I’m here in lovely Cambridge for the winter GNOME docs hackfest. This time, the docs team is sharing a room with the Developer Experience (DX) hackfest, which provides us with a great opportunity to reach out to GNOME developers for expert’s advice.

Yesterday, Christian Hergert presented a new GNOME IDE in development, called Builder:

Builder comes with a feature-rich text editor that can also be useful for documentation writers who often author documents in XML.

Cosimo Cecchi showed us some of the downstream changes the Endless team made to gnome-user-docs and gnome-getting-started-docs. For me, personally, the most interesting part was their feedback on the GNOME docs style and content. Endless seem to target their product to a slightly different customer, still, they appear to have data on their users that the upstream project lacks. The GNOME help suite, written by different authors and in different style over the course of many years, is actually targeted at multiple audiences, spanning from quite inexperienced desktop end-users to skilled users who need to troubleshoot VMs in GNOME Boxes.

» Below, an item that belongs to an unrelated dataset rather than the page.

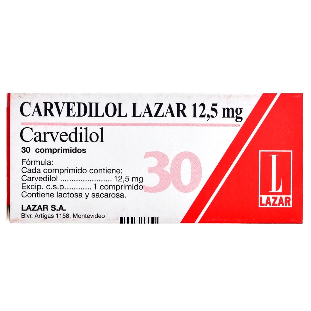 Carvedilol Ion 12.5 mg, 30 comprimidos, es un betabloqueante adrenergico no selectivo que actúa como antagonista de los receptores beta 1, beta 2 y alfa 1, presentando además un efecto vasodilatador mediado por el bloqueo de los receptores alfa 1. Tiene un efecto estabilizante de membrana y carece de actividad simpática intrínseca. Su metabolismo se realiza principalmente en el hígado por las enzimas CYP2D6 y CYP2C9, lo que conlleva una variabilidad funcional debido a polimorfismos genéticos, y su excreción es fundamentalmente biliar.

Shaun McCance showcased some of the cool features of Ducktype, a new lightweight syntax for Mallard. Although still a work in progress, this new syntax brings to the world of Mallard docs the flexibility of formats such as AsciiDoc or Markdown, which are now gaining strong popularity in both the developer and technical communication communities.

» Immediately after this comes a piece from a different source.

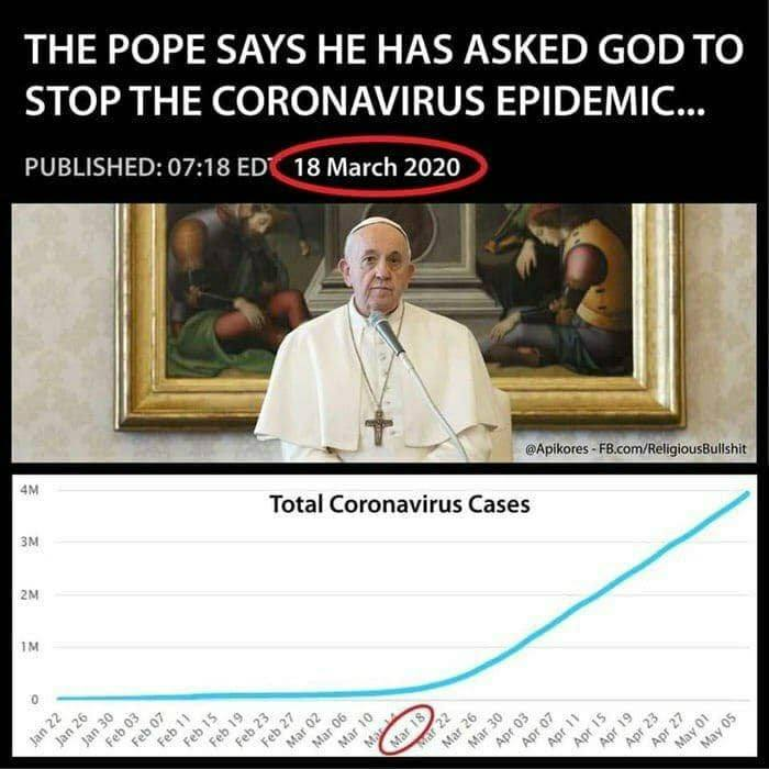 Папа римский говорит, что просил бога, чтобы он прекратил эпидемию коронавируса

The docs team focused on squashing the bugs filed against GNOME Help and application help, and on content improvements in different areas of the desktop documentation stack. Jim Campbell worked on changing the structure and layout of Files help. He also worked with Jana Svarova on VPN docs for the GNOME sysadmin guide. Jana went through the docs feedback ML archives, responding to user comments and filing new bugs. Kat worked on application help with Jim and fixed a couple of bugs in gnome-user-docs. I worked on triaging docs bugs, and then on reviewing and updating some parts of GNOME Help and the sysadmin guide.

I would like to thank Collabora for providing the venue and catering, Kat and Philip Withnall for running the hackfests, and the GNOME Foundation for sponsoring me.

It’s been great to see old and new faces from the community, now off to Brussels for FOSDEM, then back to Brno for DevConf!